Détails carte mère MSI P35 Platinum
Aux fonctionnalités gérées par le P35, MSI ajoute une puce VIA VT6308 pour le FireWire, un seul contrôleur Realtek RTL8111B pour le réseau, tout de même en Gigabit Ethernet, ainsi qu'une puce Marvell 88SE6111. Cette dernière gère l'unique port IDE ainsi que le cinquième connecteur Serial-ATA de la P35 Platinum. On se demande encore pourquoi MSI a retenu ce contrôleur alors que celui de JMicron aurait permis de gérer un port Serial-ATA supplémentaire tout en étant beaucoup moins long à s'initialiser. À chaque démarrage du système, il faut en effet patienter quelques secondes durant l'initialisation de la puce Marvell. On termine notre tour du propriétaire par la partie audio qui est ici gérée par une classique puce Realtek ALC888. Côté connectique extérieure, MSI nous propose deux ports PS/2, six ports USB 2.0, un connecteur FireWire, deux ports eSATA (gérés par l'ICH9R), un connecteur
RJ45 et une sortie optique. À cela s'ajoute une rampe on ne peut plus classique de six connecteurs audio au format mini-jack et on notera l'absence de sortie coaxiale. Côté bundle, MSI se montre peu généreux et l'on retrouve, outre les manuels et le disque de
pilotes, un IO Shield, une nappe IDE, une nappe pour le lecteur de disquettes, quatre câbles Serial-ATA, deux adaptateurs électriques Molex vers SATA ainsi qu'une équerre avec un connecteur FireWire.
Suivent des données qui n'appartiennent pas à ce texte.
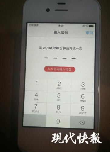 而姜峰将一台iPhone关闭网络,手动将时间调回至1974年,在多次输错密码后,手机屏幕出现了“请23,161,894分钟再试一次”的提示。“这属于小概率事件,非常罕见。”

En matière de BIOS, MSI nous propose un microprogramme AMI offrant des réglages somme toute assez complets. Aux options conventionnelles de gestion du système (surveillance des températures, contrôle des températures, configuration IDE, configuration Serial-ATA, configuration audio, etc.) s'ajoutent les fonctions avancées. Tous les réglages de performances et de fréquence se retrouvent dans l'onglet Cell du BIOS, et i est possible de modifier les temps de latence de la mémoire ainsi que le coefficient multiplicateur du processeur ou encore le ratio de la mémoire. On dénombre six ratios disponibles ce qui permet d'atteindre au mieux le mode DDR2 1333 en FSB1333. Côté tension d'alimentation, celle du processeur peut grimper à 2,0875 volts alors que la tension mémoire peut atteindre les 3,3 V. Ce réglage étant pour le moins inhabituel pour de la DDR2 nous ne saurions trop vous conseiller de ne pas l'utiliser si vous tenez un tant soit peu à vos barrettes. Naturellement, la fréquence du bus système peut être ajustée par pas de 1 MHz en saisissant simplement la valeur souhaitée (maximum 1000 MHz, de quoi voir venir) et MSI propose une fonction de sauvegarde des profils de réglages ainsi qu'une fonction d'overclocking automatique. La fréquence du bus PCI-Express est elle aussi réglable. Signalons qu'étrangement, le BIOS désactive par défaut le contrôleur FireWire embarqué alors qu'il ne sait pas lire convenablement le SPD de nos barrettes Corsair ou OCZ ; les CAS 4 ou 5 se transformant en CAS 6.